New Overnight Developments Abroad: Dollar and Asian Stocks Lower

June 16, 2009

Yesterday’s dollar upward spike proved short-lived.  The dollar has dropped 1.1% against the yen, 0.8% versus sterling, 0.7% relative to the euro, 0.6% against the Swiss franc and Aussie dollar, and 0.5% against the Canadian and New Zealand dollars.

The Nikkei (down 2.9%) suffered its biggest daily decline since late March.  Stock markets elsewhere in the Pacific Rim fell 4.4% in Vietnam, 3.8% in the Philippines, 1.2% in Singapore, 1.9% in Indonesia, 2.5% in Thailand, 0.9% in South Korea, 1.8% in Hong Kong, 1.7% in Australia, and 1.4% in New Zealand.

But the German Dax, British Ftse, and Paris Cac are trading up 0.2%, 0.4%  and 0.3% in Europe.

Oil and gold rebounded 1.4% and 1.1% to $71.60/barrel and $937.40 per ounce.

The 10-year JGB yield gave back another 3.5 basis points to 1.465% and is 9.5 bps below last week’s high of 1.56%.

The Bank of Japan deliberated for six hours and 23 minutes over two days but made no policy changes by unanimous vote as expected.  Governor Shirakawa’s press conference struck a note of caution, attributing economic improvement to temporary factors and calling final demand conditions still fragile.

Minutes from the June 2nd Reserve Bank of Australia meeting contained no surprising revelations. Policy still formally has an easing bias, but officials are comfortable with holding their key rate steady.  Australia avoided consecutive quarters of negative growth.  It will take a turn for the worse to prompt any further rate reductions.

Senior officials in Russia suggested a predisposition to diversify reserve holdings into some non-dollar denominations.  This signal follows a spate of reassuring comments, for example from Japanese finance minister Yosano voicing confidence in the dollar as the dominant international currency.

The ZEW Institute of Germany released better-than-forecast June readings for investor sentiment toward that economy and all of Euroland.  Germany’s expectations index jumped to 44.8 from 31.1 in May and 13.0 in April, while current conditions printed at minus 89.7 after minus 92.8 in May.  The euro area’s expectations index was 42.7 following 28.5 in May and 11.8 in April, with the current situation measured at minus 90.7 after minus 93.2 in May.

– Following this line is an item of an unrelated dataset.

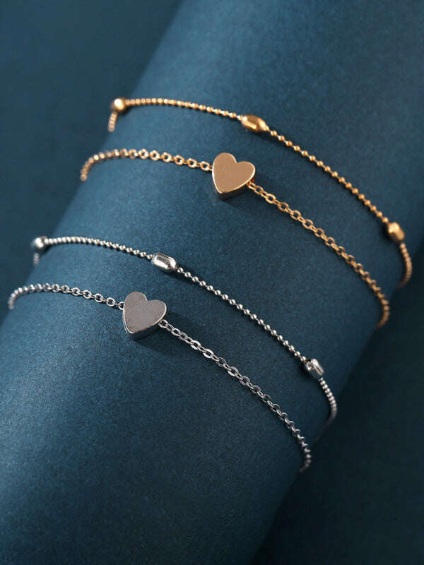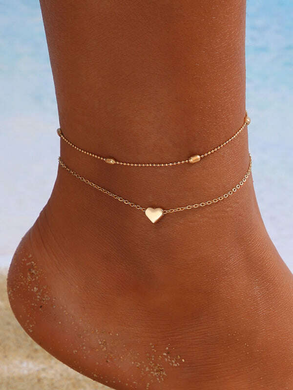 New round bead double-layer love heart anklet creative retro simple multi-layer alloy anklet

The slide in British inflation continued to prove sticky because of former sterling depreciation and higher indirect taxes, falling less than hoped.  For a 20th straight time, the 12-month CPI pace of 2.2% in May surpassed the 2% target and was only a tenth less than in April.  On-year RPI inflation of minus 1.1% was higher than the prior month’s minus 1.2%.  Core inflation rose 0.4% on month and 1.6% on year.

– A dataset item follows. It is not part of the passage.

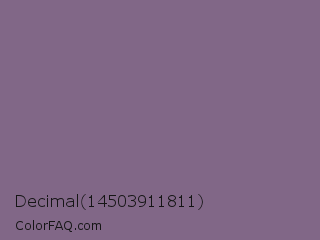 Decimal 14503911811 Color is a normal purple color and the nearest color is Chinese Violet #856088. Hex code #816787 and RGB value is rgb(129,103,135). In RGB color space, this color is composed of 51% red, 40% green, 53% blue, In CMYK color space, this color is composed of 4% cyan, 24% magenta, 0% yellow , 47% black , In HSL color space, this color has a hue angle of 289° , 13% saturation and 47% lightness.
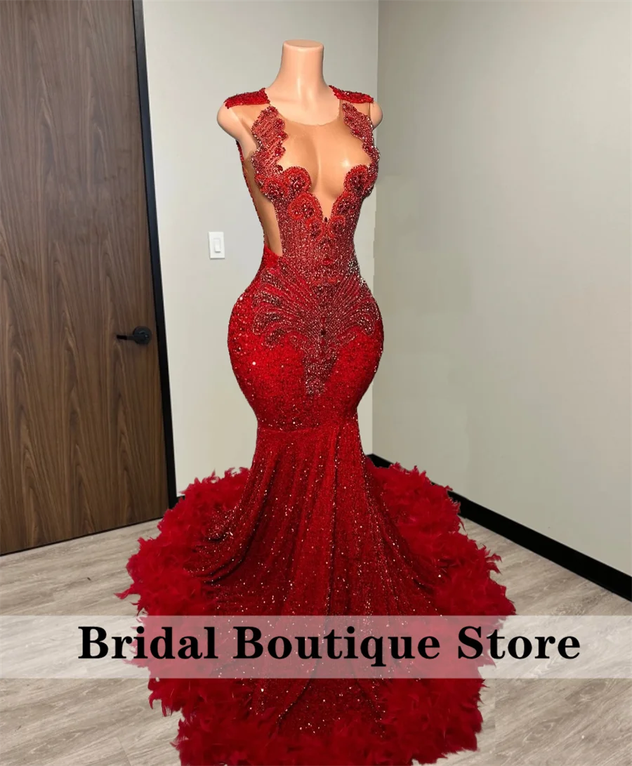 Luxury Red Prom Dress For Black Girls Crystal Beads Gems Sequins Feathers Party Dress Wedding Reception Gowns Customized

Labor costs in the euro area increased 3.7% in the year to 1Q09.  Although less than the fourth quarter’s record 4.0% advance, this outcome surpassed street forecasts.  Final CPI data in the bloc revealed a monthly uptick in May of 0.1% and an as-expected zero rate of on-year inflation.  Core CPI was unchanged from April and printed at a 12-month pace of 1.5%, down from April’s 1.7% but the same rate as seen in the year to March.

Swiss industrial production tumbled 13.1% in the first quarter and by 9.5% from the first quarter of 2008. Industrial sales and orders fell by 9.2% and 17.6%.

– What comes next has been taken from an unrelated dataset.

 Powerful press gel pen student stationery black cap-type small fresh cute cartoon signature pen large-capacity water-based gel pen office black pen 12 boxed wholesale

Italian CPI inflation slowed to 0.9% in May from 1.2% in April.  Austrian inflation slowed to 0.3% from 0.7%.

The jobless rate in The Philippines slid to 7.5% in April from 7.7% three months earlier.

This will be a big day for U.S. data.  Housing starts and permits, producer prices, and industrial production figures are all scheduled.  Canada will be releasing productivity and unit labor costs.  Central banks in Turkey and Chile will make interest rate announcements.